Re: Is it Safe to Use PUSHA/POPA in Interrupt Handlers?

Posted: Wed Oct 05, 2016 7:32 pm
by Brendan
Hi,
CelestialMechanic wrote:My original version of the IRQ0 handler used PUSHA at the beginning and POPA at the end. I changed these into explicit pushes and pops of the registers and the problem went away.

Is there some reason that PUSHA and POPA are not reliable in protected mode and particularly in an interrupt handler? I'm well aware that the 80386 had problems with POPA and a standard work-around was to add a NOP after POPA. I tried that and it didn't work here. It is strange that it behaves the same under different emulators and host OSes.

Does anyone have any insight into this? All I can say is, "no wonder PUSHA and POPA are deprecated in 64-bit mode!".
If alexfru's suggestion (16-bit "pushaw" instead of 32-bit "pushad", where highest 16-bits of all registers aren't saved/restored) wasn't the problem; then I'd assume that when you replaced "pushad/popad" you adjusted other things to suit the different stack layout and fixed the real problem by accident. For example, maybe you were using "mov [esp+8*4],eax" to access a local variable (and it was wrong) and you had to change it to "mov [esp+5*4],eax" (and got it right), so the problem disappeared.


Cheers,

Brendan

Re: Is it Safe to Use PUSHA/POPA in Interrupt Handlers?

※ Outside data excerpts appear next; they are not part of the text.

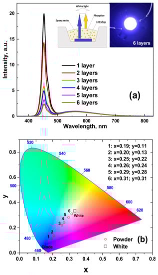 To demonstrate the application possibility of the development of CYMSSG:Ce phosphor, WLED prototypes were fabricated by coating a blue LED with an emission wavelength of 450 nm with several films containing CYMSSG:Ce phosphor embedded in epoxy resin (Figure 10a). PC measurements of the WLED prototypes were performed after each successive PC layer of a thickness of approximately 100–120 µm. The emission spectra of these WLEDs are quite broad and cover the entire visible range from 400 to 780 nm. The emission spectra of the WLED prototypes also show a significant decrease in the intensity of the blue component and a respective continuous increase in the intensity of the yellow emission by increasing the total film thickness (Figure 10a). As can be seen from Figure 10b, the color coordinates move to the diagram’s center by increasing the total thickness of the PC film. Finally, the WLED prototypes, based on six films of CYMSSG:Ce MP PC, give quite cold white emissions with the correlated color coordinates (CCC) x = 0.315; y = 0.31 and a correlated color temperature (CCT) of 6930 K. Furthermore, as the thickness of the photoconverter film increases, the color coordinates move to the center of the diagram, including the warm white color pattern. However, these trends of the photoconverting properties of the developed WLED prototypes are quite limited by the conversion efficiency of the CYMSSG:Ce MP phosphor with a Ce3+ concentration of 1 at.%. To obtain a precise tuning of the photoconversion properties (CCC and CCT), the CYMSSG:Ce MP phosphor with Ce3+ concentration above 1% can be used as well.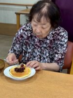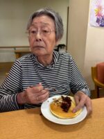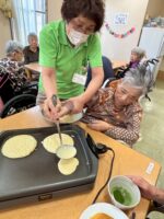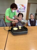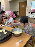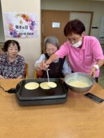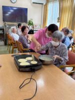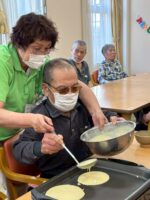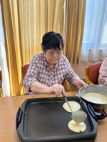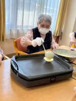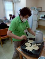 職員とご利用者様で何か一緒に出来ないかな?とホットケーキを焼きました。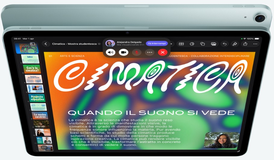 - PERCHÉ IPAD AIR – iPad Air con chip Apple M4 ti offre prestazioni ancora più scattanti e uno splendido design in due taglie superportatili. Ha le potenti funzioni di Apple Intelligence, uno spettacolare display Liquid Retina, Touch ID, fotocamere evolute e Wi Fi 7.

Posted: Wed Oct 05, 2016 7:54 pm
by CelestialMechanic
alexfru wrote:Are those pushad and popad actually?
Doesn't matter. They have the same encoding. The B bit of the descriptor in the GDT determines the size of the pushes and pops. I did not see any prefixes with PUSHA and POPA, by this time I'm only using 32-bit segments.

I have to add that this seemed to be a POM (Phase Of the Moon) sort of phenomenon -- I had no idea whether it would run for five minutes or fifty seconds before the BSOD.

Re: Is it Safe to Use PUSHA/POPA in Interrupt Handlers?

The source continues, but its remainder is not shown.